Give back, exactly as written, the lines of the listing from the top through the line holding "Apartment-safe with our", and nothing more. Exclude pictures.

Supplied data below:

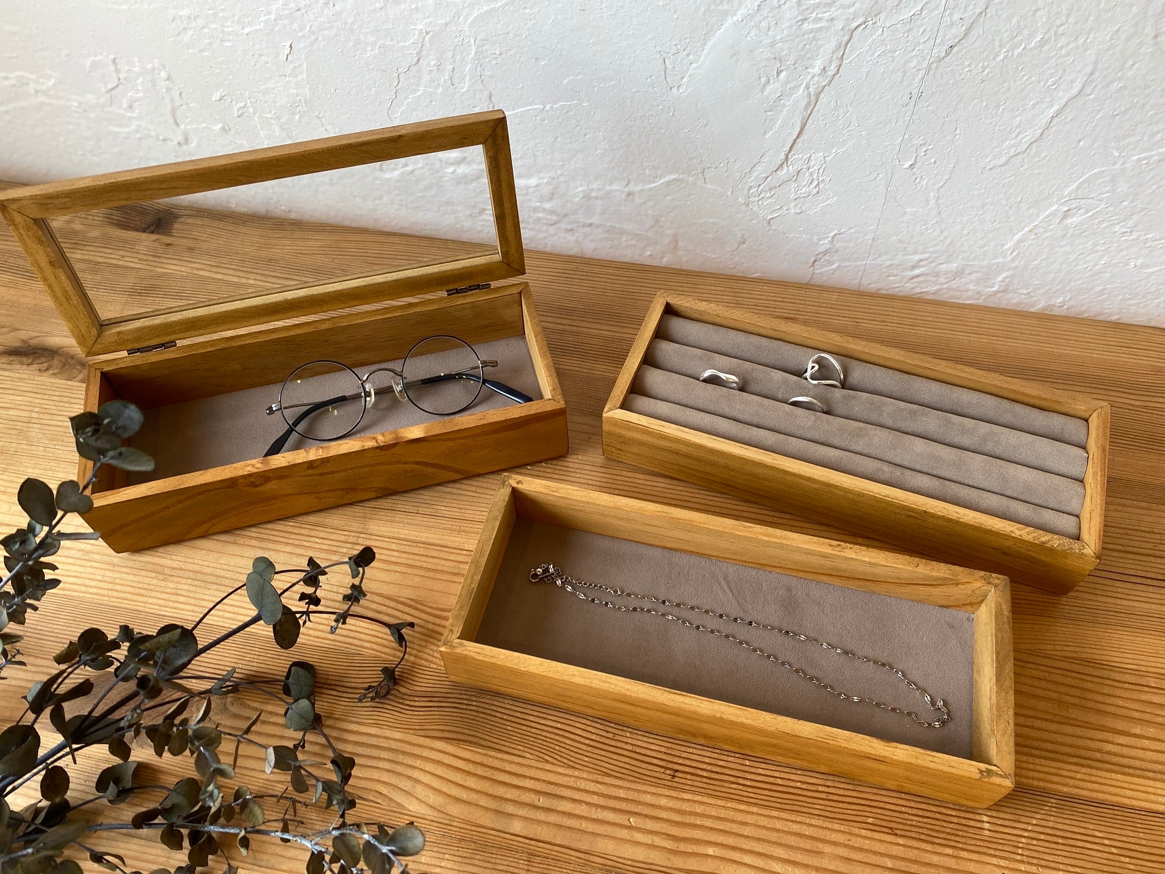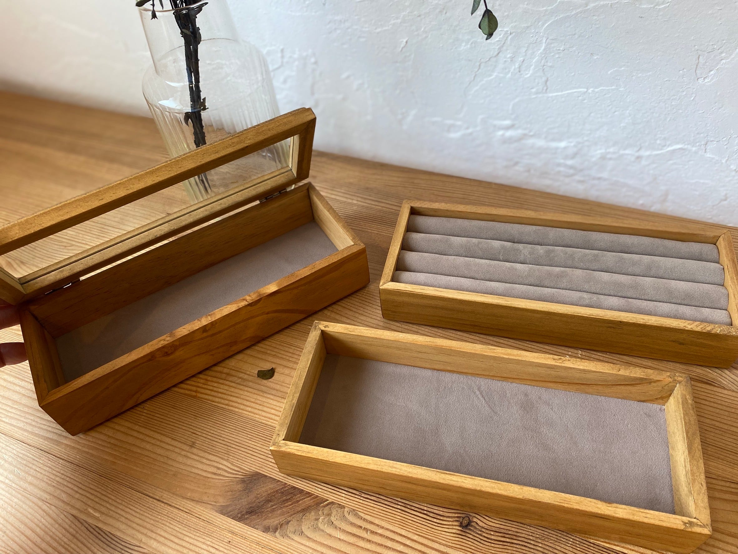 1段目はガラス蓋付きで、中のアクセサリーをひと目で確認できるデザイン。
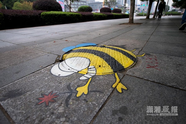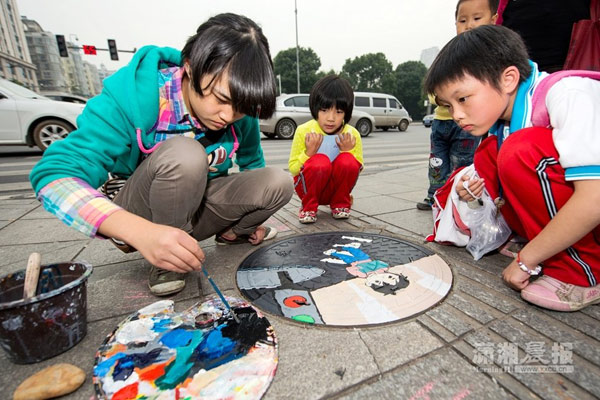 相关链接:长沙县城管在井盖上涂鸦彩色图案 美化城市又提醒行人
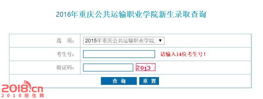 重庆公共运输职业学院2016录取查询系统
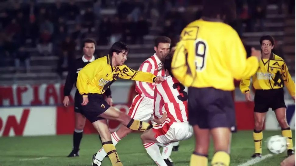 Σαν σήμερα πριν 29 χρόνια, η ΑΕΚ ήταν μέσα στη διεκδίκηση του πρωταθλήματος και προσπαθούσε να μείνει στη διαφορά του ενός βαθμού πίσω από τον Παναθηναϊκό. Η επίσκεψη στο παλιό Στάδιο Καραϊσκάκη για το ντέρμπι με τον… παλιό Ολυμπιακό που ακόμα δεν είχε αλώσει το ποδόσφαιρο και έμενε μακριά από τη διεκδίκηση του τίτλου, ήταν ένα πολύ κρίσιμο τεστ.
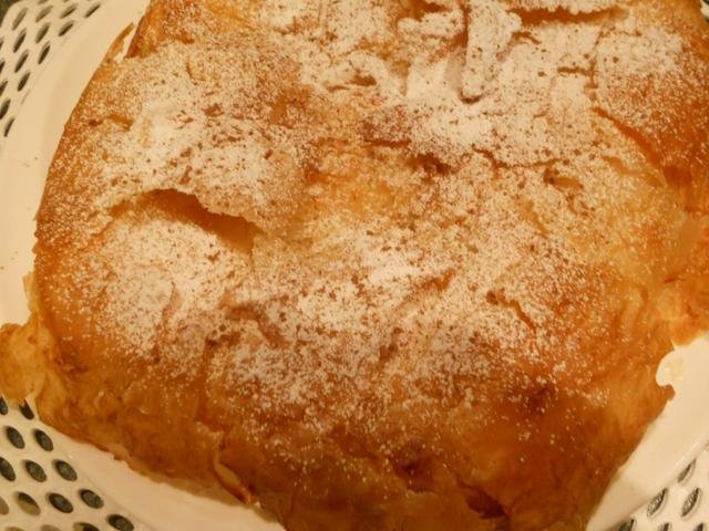 Бугаца с крем от грис, страшно е добра,  както я занесох така и изчезна, невидЕ се,  Joy  освен това се приготвя за има-няма 20 мин. + 30 мин печене, за 50 мин съм готова.  Аз опитах едно мъъъъничко парченце, стига толкова, че ще го залепя на дупето си, а не трябва, жалко. Wink
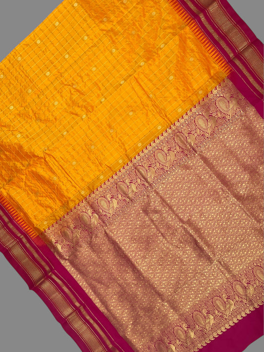 Big Peshwai Checks Orange 1 Pure Silk Saree
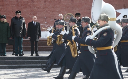 Президент почтил память погибших воинов минутой молчания. Прозвучал Государственный гимн Российской Федерации.
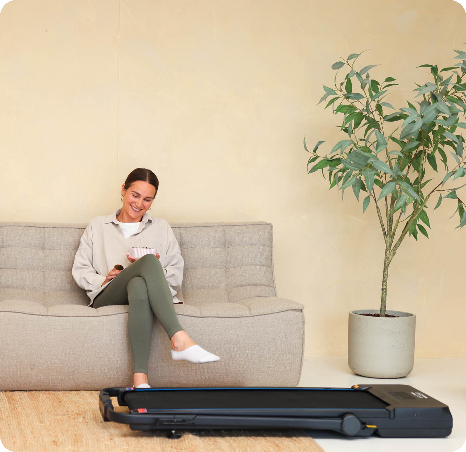 Apartment-safe with our included mat. 1–10 km/h. Foldable. Under-desk.
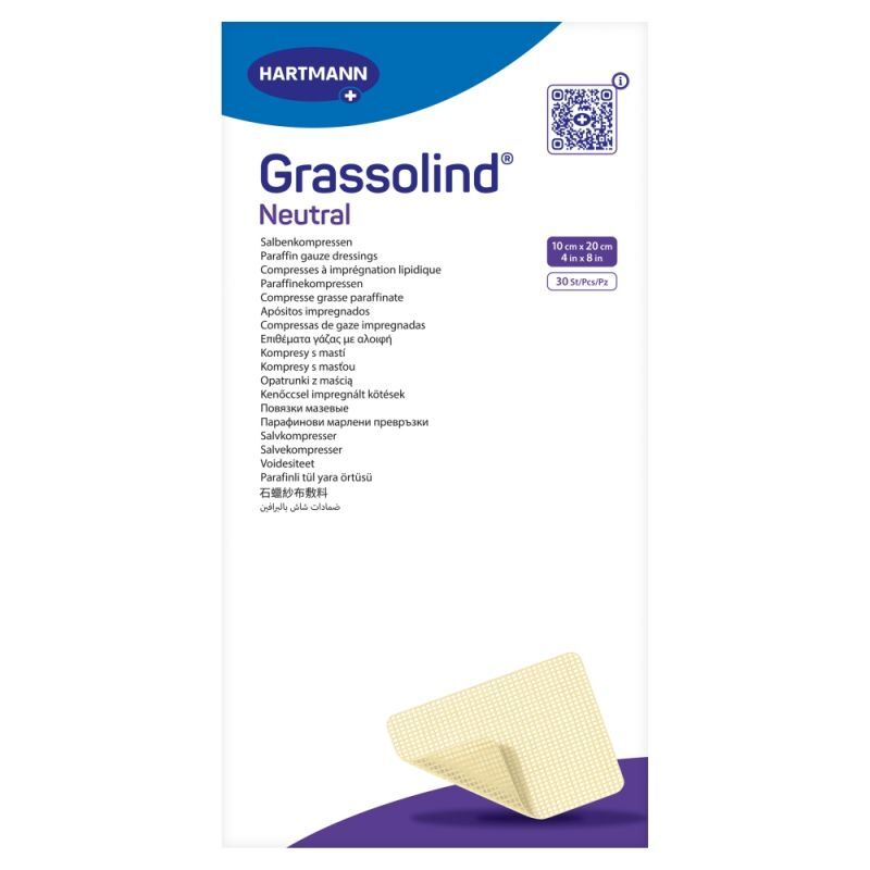 WłaściwościGrassolind neutral to opatrunek wykonany z siatki tiulowej o dużych oczkach z czystej bawełny, impregnowanej maścią nie zawierającą wody. Siatka tiulowa o dużych oczkach umożliwia łatwy odpływ wydzieliny, z kolei maść zapewnia elastyczność brzegów rany, sprzyjając tworzeniu się tkanki ziarninowej, wspomagając proces epitelizacji i zapobiegając przyklejaniu się opatrunku do rany. Zmiana opatrunku jest bezbolesna i nie powoduje podrażnienia tkanki ziarninowej i warstwy młodego nabłonka.

End of Supplied data.

[Answer section]
 1段目はガラス蓋付きで、中のアクセサリーをひと目で確認できるデザイン。
 相关链接:长沙县城管在井盖上涂鸦彩色图案 美化城市又提醒行人
 重庆公共运输职业学院2016录取查询系统
 Σαν σήμερα πριν 29 χρόνια, η ΑΕΚ ήταν μέσα στη διεκδίκηση του πρωταθλήματος και προσπαθούσε να μείνει στη διαφορά του ενός βαθμού πίσω από τον Παναθηναϊκό. Η επίσκεψη στο παλιό Στάδιο Καραϊσκάκη για το ντέρμπι με τον… παλιό Ολυμπιακό που ακόμα δεν είχε αλώσει το ποδόσφαιρο και έμενε μακριά από τη διεκδίκηση του τίτλου, ήταν ένα πολύ κρίσιμο τεστ.
 Бугаца с крем от грис, страшно е добра,  както я занесох така и изчезна, невидЕ се,  Joy  освен това се приготвя за има-няма 20 мин. + 30 мин печене, за 50 мин съм готова.  Аз опитах едно мъъъъничко парченце, стига толкова, че ще го залепя на дупето си, а не трябва, жалко. Wink
 Big Peshwai Checks Orange 1 Pure Silk Saree
 Президент почтил память погибших воинов минутой молчания. Прозвучал Государственный гимн Российской Федерации.
 Apartment-safe with our included mat. 1–10 km/h. Foldable. Under-desk.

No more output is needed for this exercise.